• Work to complete
After locating the line that contains "T-shirt Zara blanc", quote it and all lines after it through the end of the entries, and nothing more. Pictures stay out.

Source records
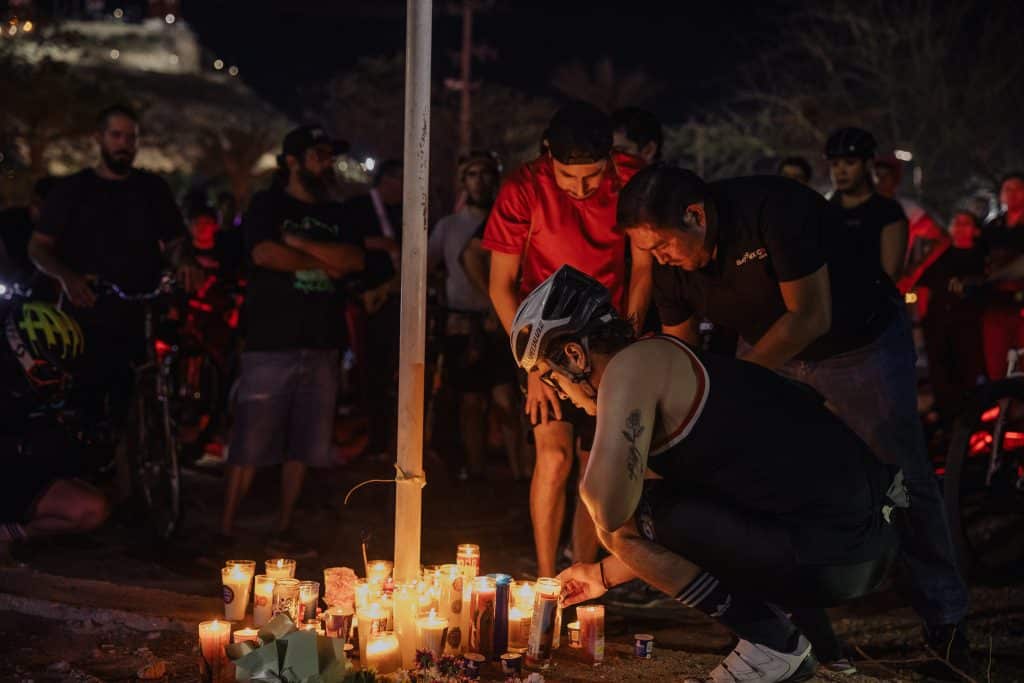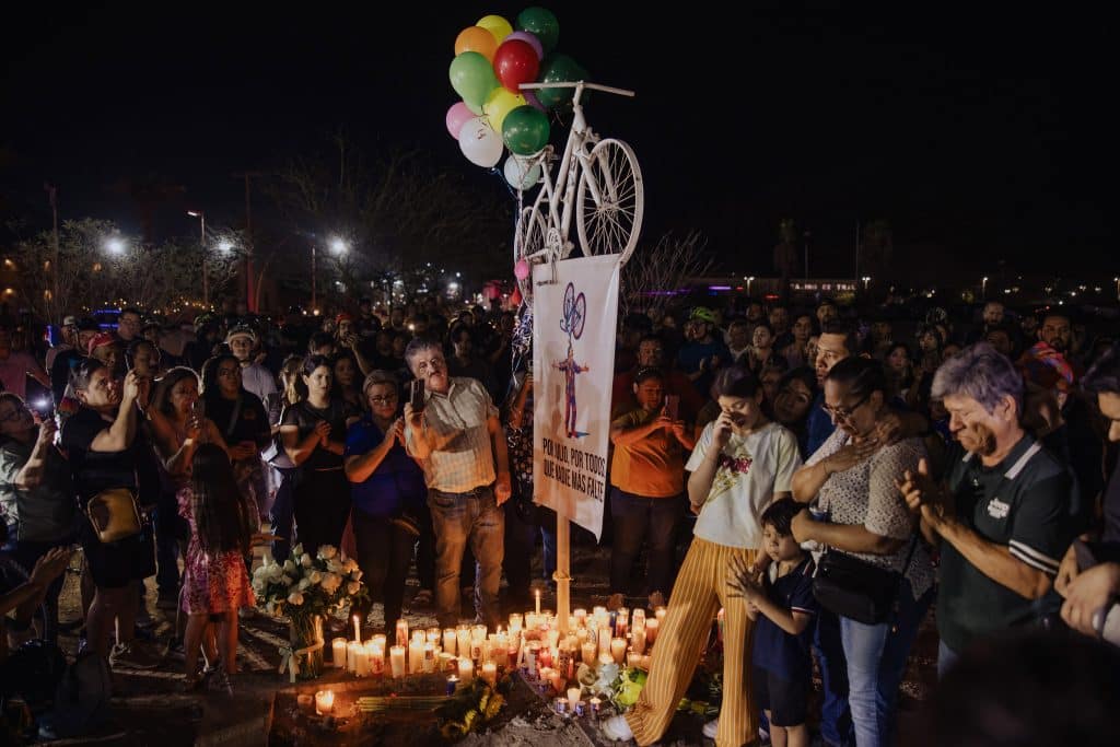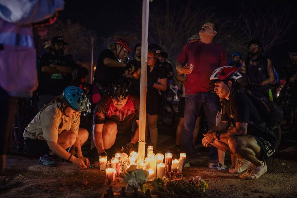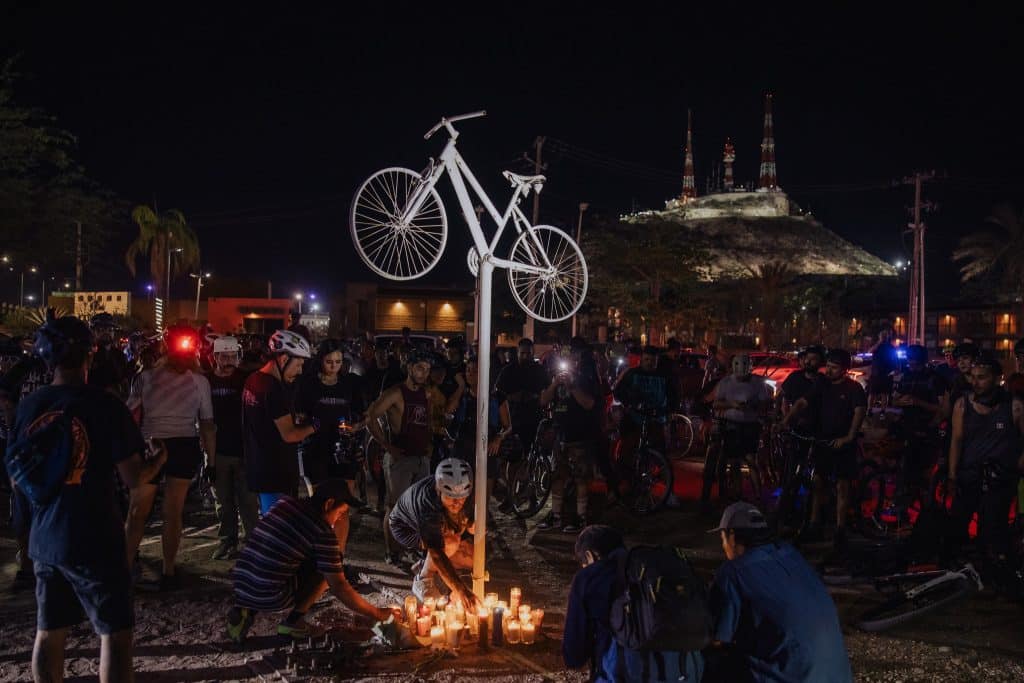 Bajo el suave parpadeo de velas y entre flores y globos, ciclistas de Hermosillo honraron a Julio César López Orduño en la glorieta de Bulevar Vildósola y Avenida de la Cultura. Las fotos muestran a familiares y amigos colocando ofrendas alrededor de la bicicleta blanca, mientras alzan la voz con consignas como “No debió morir” y “¡Justicia para Julio!”, exigiendo ciclovías seguras y respeto vial en memoria de quien se fue demasiado pronto. Fotos: Betto Robles / BikesNBeers Crew
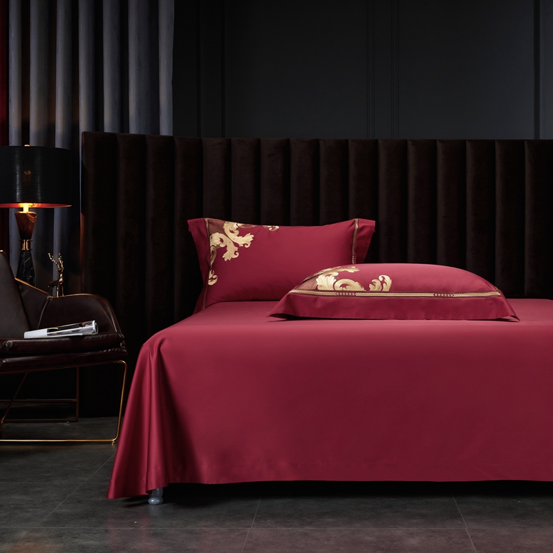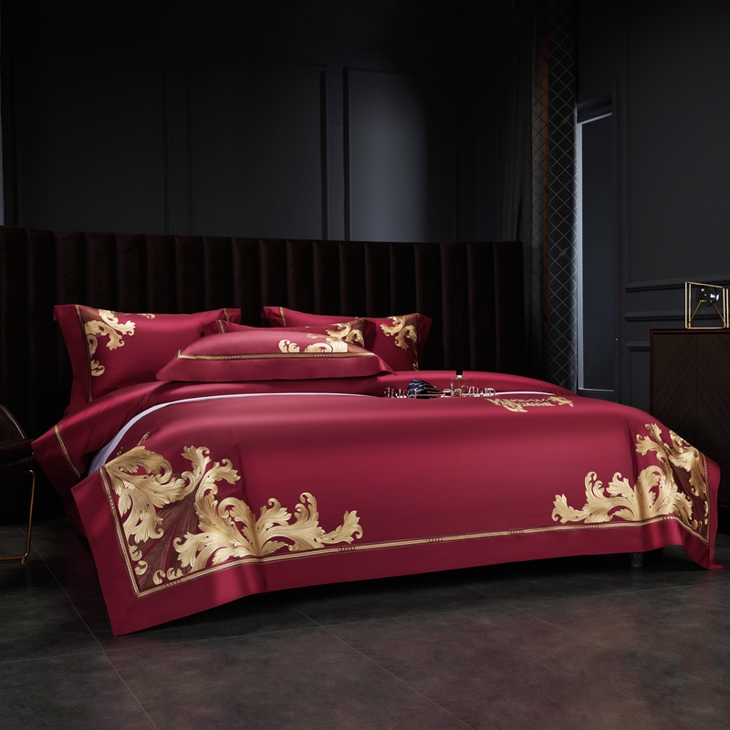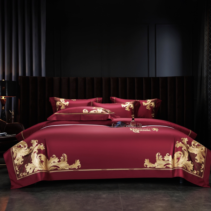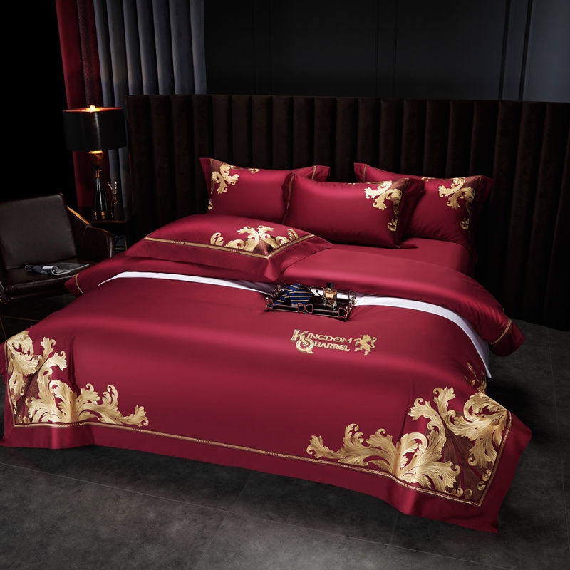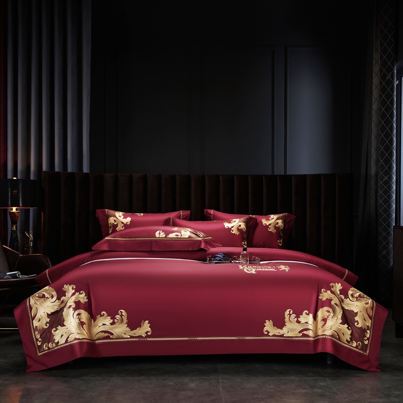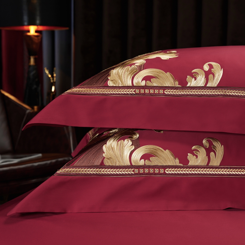 商品名称:缔缦 2024新款定织新布种S140系列刺绣拼角工艺四件套-威廉皇室 威廉皇室 酒红
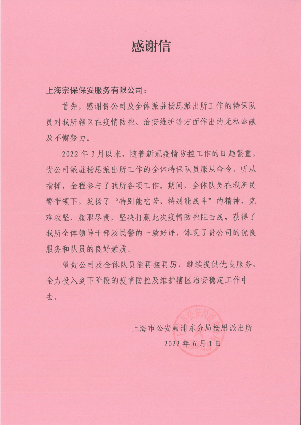 6月1日,宗保公司收到浦東公安分局楊思派出所的感謝信,信中對(duì)宗保公司全力支持和配合派出所開(kāi)展疫情防控、維護(hù)轄區(qū)治安表示感謝。
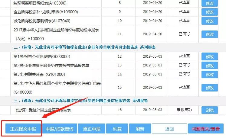 四、修改完成后,點擊【保存報表】,頁面返回后,點擊【正式提交申報】,如圖:
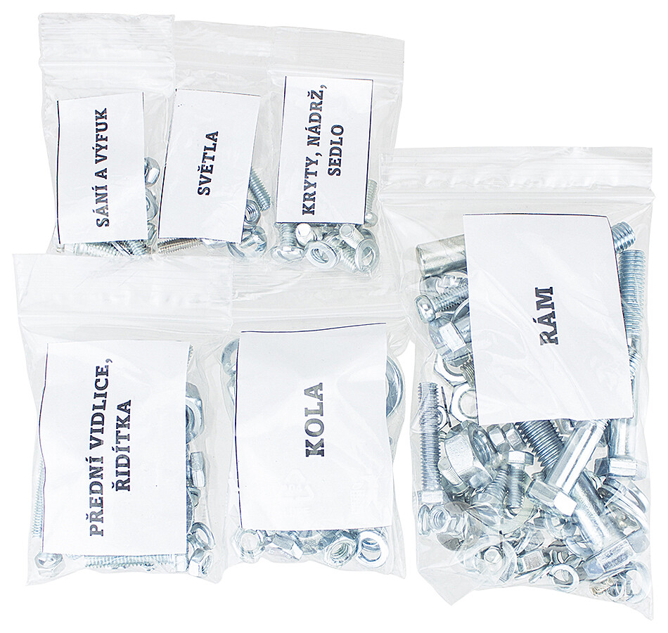Ez a készlet NEM TARTALMAZZA: Babetta 207 motorcsavar-készletet! Azonban megvásárolható e-boltunkban: https://www.motokramek.cz/sada-sroubu-motoru-b207
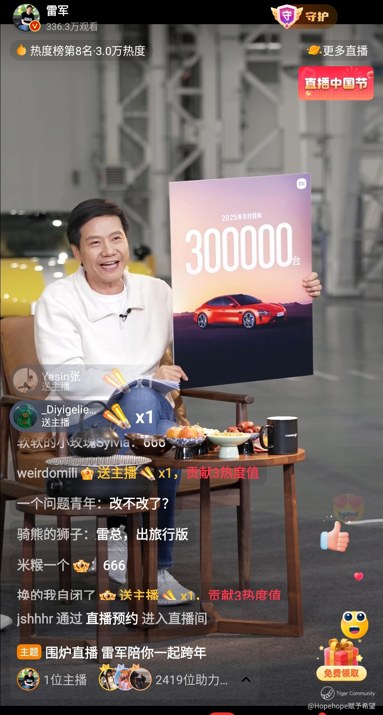 $XIAOMI-W(01810)$ Xiaomi targets 300k electric vehicle deliveries in 2025! Faith in Lei jun
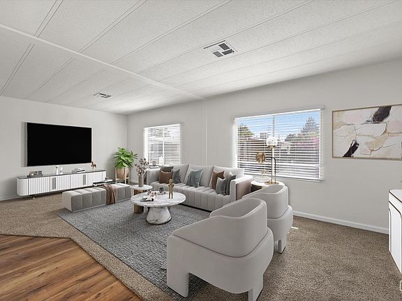 Step into this exquisitely renovated 1,440 sq ft manufactured home in Riverdale Village, boasting 3 bedrooms, 2 bathrooms, all poised for a new home owner. The entrance welcomes you in to the charming dining / living area, setting the tone for a home filled with upgrades including a newer roof and HVAC unit. Inside, find new stainless steel appliances at the kitchen and updated built-in cabinetry enhancing the home's style. The home features a newly revamped laundry room, adding to the convenience. Luxury touches include new carpet, wood-like flooring, fixtures, and a fresh coat of paint inside and out. Bathrooms shine with fresh showers, underpinned by plentiful natural light throughout. Enjoy the plethora of park amenities including: a sparkling pool, billiards & game center, well-equipped clubhouse kitchen, recreational room, gym, soccer and basketball courts, playground, and dog station, all designed to enrich your living experience.
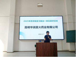 为持续引导学生树牢正确就业观,以正确就业观合理引导就业预期。2025年5月7日,邀请昆明华润圣火药业有限公司(以下简称圣火药业)在大教室西1-3开展就业教育暨实习就业一体化宣讲活动。参与本次活动的有圣火药业生产运营部外包车间副主任方剑康、招聘经理张超凯、业务支持主任丰珊珊、员工关系经理丁月芬、药学院院长阳敬,以及药学院2026届毕业生
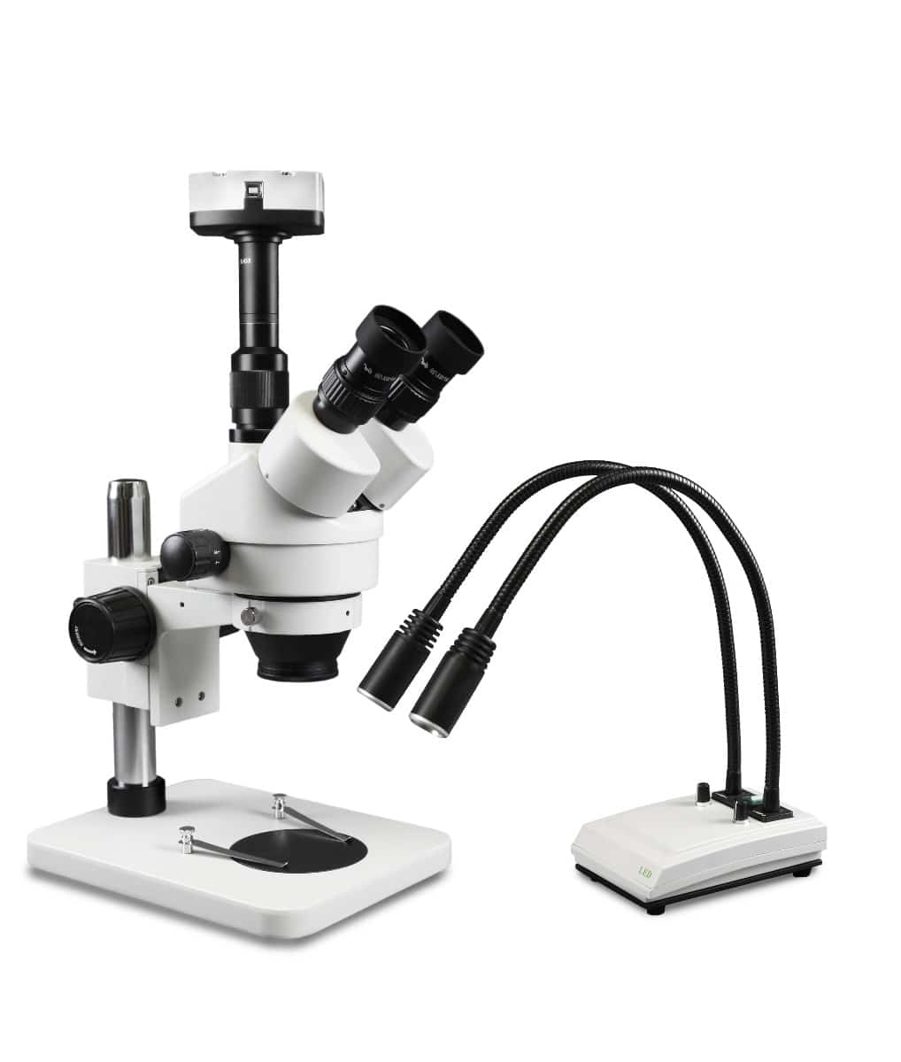WP-1F-IHL20-5N Simul-Focal Trinocular Zoom Stereo Microscope – 0.7X-4.5X Zoom Range, Dual Gooseneck LED Light, 5MP Digital CMOS Camera
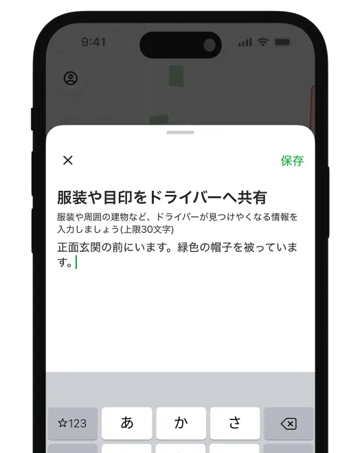 ドライバーとの待ち合わせをスムーズにするために、事前に服装や目印についてメモを残せる機能があります
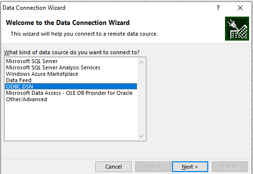 - Open Excel -> Data -> From Other Source - >From Data Connection Wizard -( Note this worked before
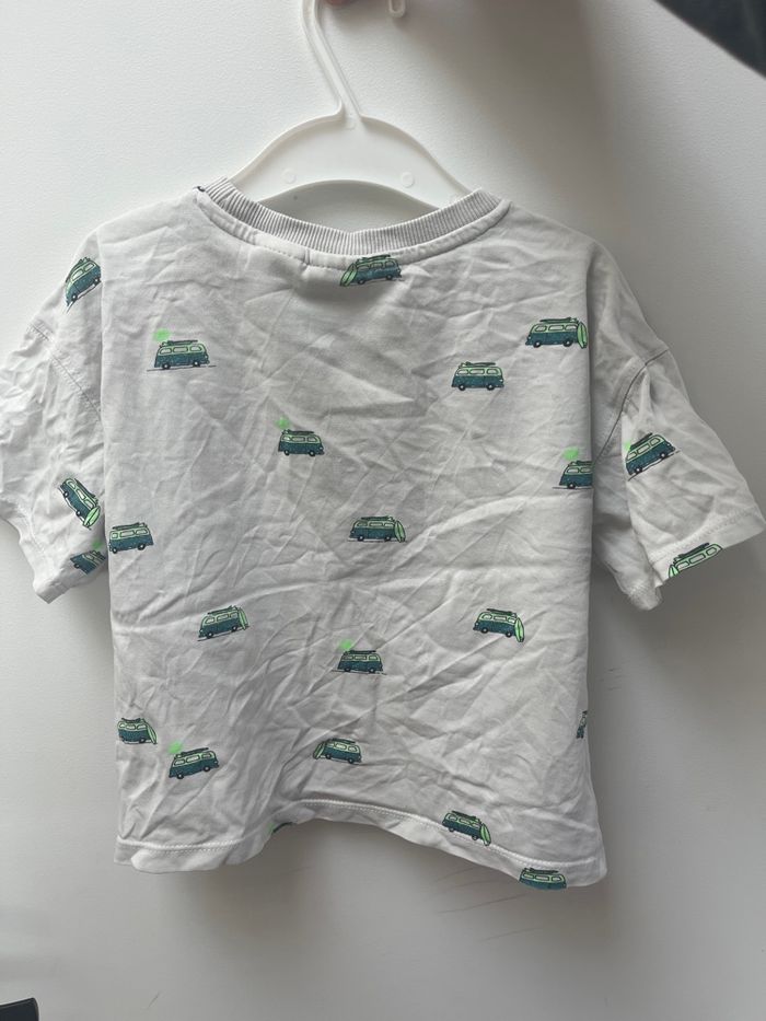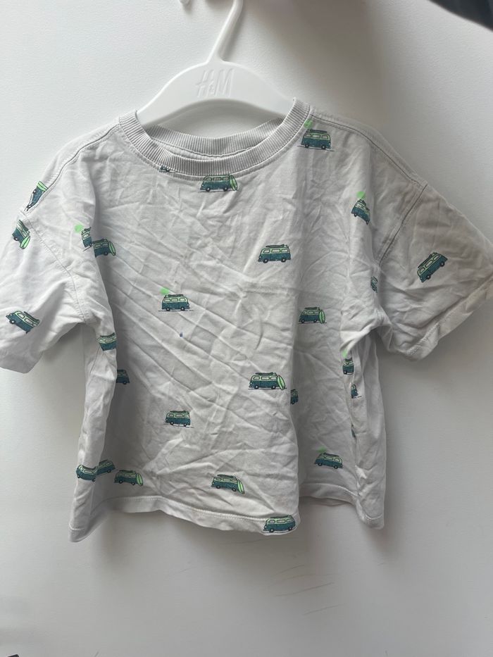 T-shirt Zara blanc avec un road surfeur bleu et vert. Bien entretenue dans l’ensemble avec une toute petite tache bleu.
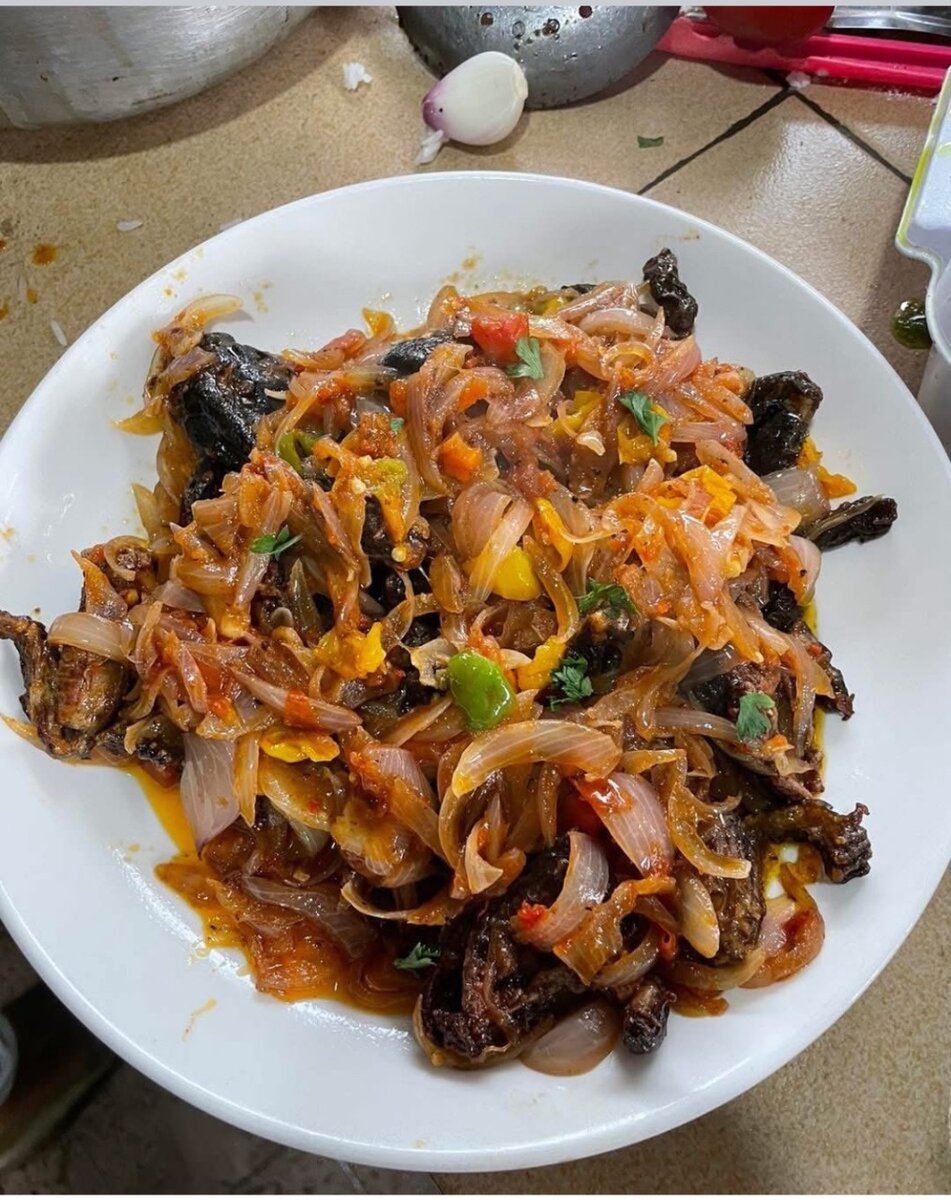 Délicieux plat de légumes cuits combiné au grenouilles parfait pour un repas sain et savoureux. Mélange d'oignons, poivrons et autres légumes, assaisonné d'épices aromatiques. Idéal avec un accompagnement de riz ou à déguster seul.
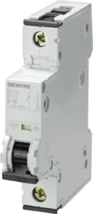 Siemens 5SY6 installatieautomaat, inbouwdiepte 70mm, uitschakelkarakteristiek C, 1 polen (totaal), 1 beveiligde polen, nom. (meet)stroom 6A, nom. (meet)spanning 400V, spanningstype AC, nom. isolatiespanning Ui 440V, nom. stoothoudspanning (Uimp) 4kV, nom. afschakelvermogen IEC 60947-2 30kA,
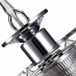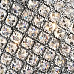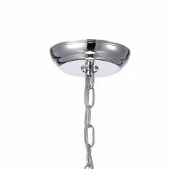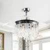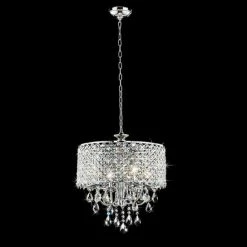 Delight in the dazzling beauty of this 4-light round chandelier from Silver Orchid. This radiant light fixture showcases a chrome-finished metal construction emblazoned with shimmering faceted crystals throughout the round shade and dangling below.
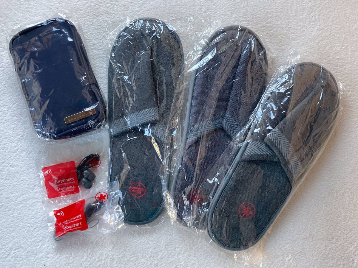 > 【送料込み・未開封レア品】エアカナダ (AC) ビジネスクラス トラベルポーチ & スリッパ 3足セット +イヤホン

• The completed task
 T-shirt Zara blanc avec un road surfeur bleu et vert. Bien entretenue dans l’ensemble avec une toute petite tache bleu.
 Délicieux plat de légumes cuits combiné au grenouilles parfait pour un repas sain et savoureux. Mélange d'oignons, poivrons et autres légumes, assaisonné d'épices aromatiques. Idéal avec un accompagnement de riz ou à déguster seul.
 Siemens 5SY6 installatieautomaat, inbouwdiepte 70mm, uitschakelkarakteristiek C, 1 polen (totaal), 1 beveiligde polen, nom. (meet)stroom 6A, nom. (meet)spanning 400V, spanningstype AC, nom. isolatiespanning Ui 440V, nom. stoothoudspanning (Uimp) 4kV, nom. afschakelvermogen IEC 60947-2 30kA,
 Delight in the dazzling beauty of this 4-light round chandelier from Silver Orchid. This radiant light fixture showcases a chrome-finished metal construction emblazoned with shimmering faceted crystals throughout the round shade and dangling below.
 > 【送料込み・未開封レア品】エアカナダ (AC) ビジネスクラス トラベルポーチ & スリッパ 3足セット +イヤホン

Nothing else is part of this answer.